Reney is tells me he is wary of the open crack in the lake not far ahead and he explains that with the warm weather, it could have opened even since yesterday when they put down a makeshift wooden bridge. I am well aware of the danger but I'm also thinking I haven't enjoyed anything so much in years. Then, before we reach the anticipated fissure the truck gets stuck. I learn later that this is the first time this season this has happened. It took the three men nearly a half hour of digging to free the chaise of the truck from the heavy snow that threatened our passage.

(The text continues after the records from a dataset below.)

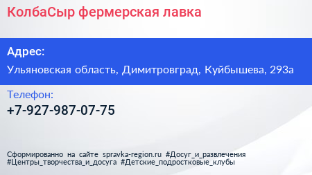 КолбаСыр, фермерская лавка по адресу Ульяновская область, Димитровград, Куйбышева, 293а в дальнейшем Организация, размещена в следующих категориях: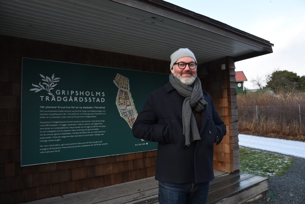 Kruus hus äger marken och planerar att bygga runt 300 bostäder på det 7,5 hektar stora området. Tanken är att ”Gripsholms trädgårdsstad”, som man kallar det, ska bli en del av Mariefred och smälta ihop med den nuvarande stadsmiljön. Området börjar vid hål ett och fortsätter till hål två på nuvarande golfbanan. Exakt hur området ska se ut är inte klart, men enligt de skisser man har gjort nu blir det 11 kvarter med olika karaktär. Det blir både radhus, parhus, stadsvillor och flerfamiljshus.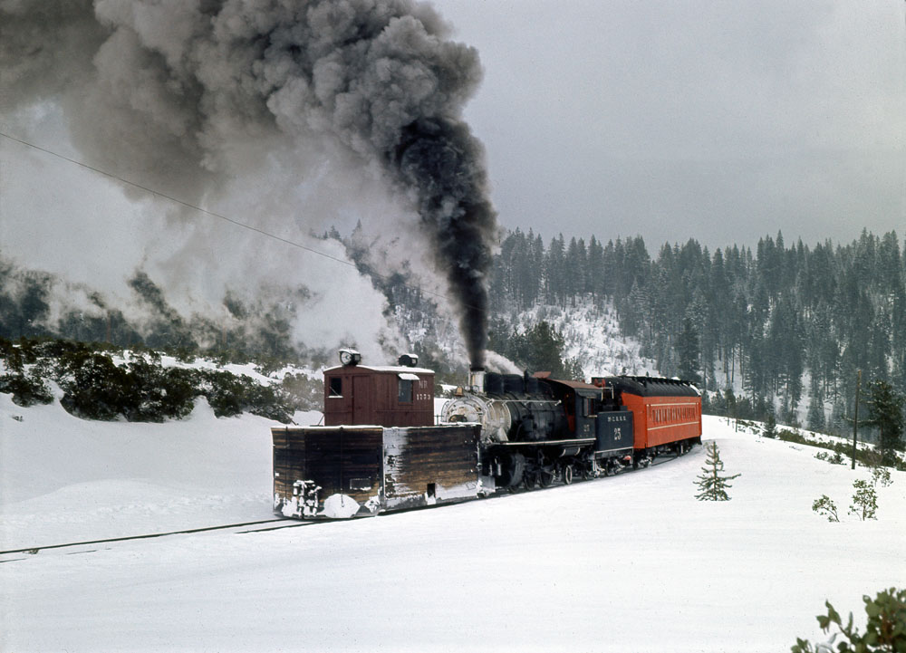 The Pacific Locomotive Association winter trip became one of the staples of McCloud River steam excursions in the last half of the 1960s and first half of the 1970s. The PLA varied the routing and consist from one year to the next so that photographers could get new pictures. The PLA winter trip operated every year from 1964 until 1975 save for three. In 1969 the club tried running the trip with the Baldwin diesels that were scheduled for retirement that spring, but low ticket sales forced the trip to be cancelled. Then, in 1970 the railroad planned for the #25 to be withdrawn from service after the end of the year, and though the change of heart gave the excursion program a new lease on life it came too late for a 1971 winter trip, and the locomotive was in the shop getting the boiler work during that the time of year the trip would have run anyway. Finally, no trip ran in 1974 due to a variety of mostly economic factors. This page contains a random selection of photos from some of the winter trips held between 1965 and 1970. |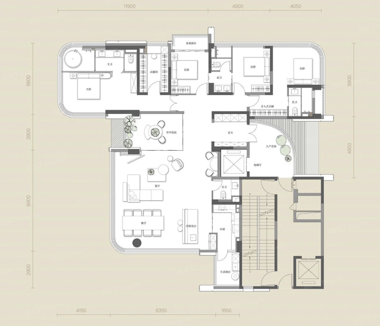仁和春天·29號院户型主要有200平-260平的南北通透,全明格局,户型方正,动静分离,高附赠空间,客厅朝南,卧室朝南的四居 。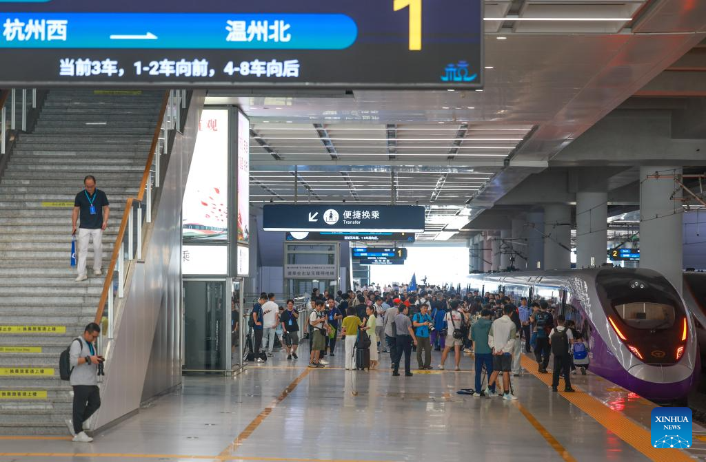 The bullet train No. G9505 arrives at Wenzhoubei Railway Station of the Hangzhou-Wenzhou high-speed railway in Wenzhou, east China's Zhejiang Province, Sept. 6, 2024.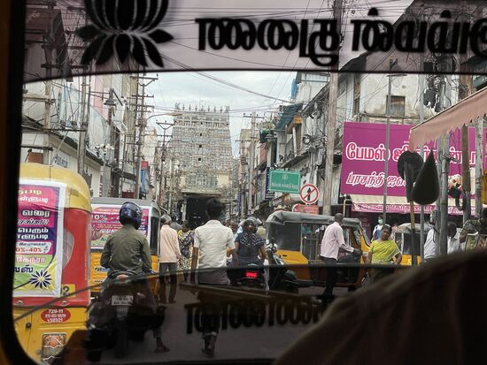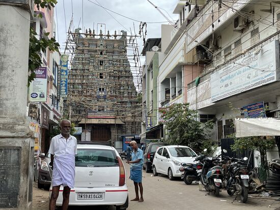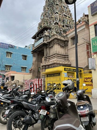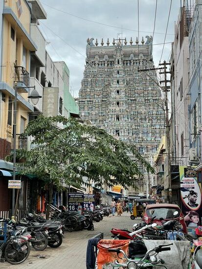 Mit den Tempeltürmen hört es jetzt allerdings überhaupt nicht mehr auf. Und langsam erkenne ich auch ein Muster. Die Mauern, die nicht mit unzähligen Figuren bestückt sind, sind meistens rot/weiss bemalt. das war auch beim grossen Schrein in Kanyakumari am Kap genauso. Nur hatte ich damals noch nicht gewusst, dass das überall so ist.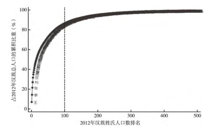 随着几千年的历史发展, 中国的姓氏数量与姓氏人口也不断增加。2012年前100名的姓氏人口占汉族总人口的87.0%(见图1) 。而法国前100名常见姓氏仅占总人口的8.1%, 美国前100名常见姓氏仅占总人口的16%。

Once cleared Reney called "climb in" and after some back and forward rocking, we headed out again. This time the snowmobile was in the lead. Another five minutes or so and we arrive just ahead of the looming open water and the ice fissure Reney had mentioned earlier. He stopped the truck and Mike and I got out. Once Reney and the boys secured the plywood "bridge" and Reney advised me to walk across. He said that "should the truck sink it would be better if just one person was in the vehicle". I was hardly about to argue with that logic
Although it would be another half hour before the sun would rise above the Eastern horizon we slide and twist across the lake and finally slow to a stop just next to a pole marker. It is overcast and the wind is from the North though not quite as cold as it has been for the last few weeks. We seem to have the lake to ourselves. Reney said that yesterday a couple of coyote came close by and always the ravens fly above and around the lift holes hoping for a free lunch.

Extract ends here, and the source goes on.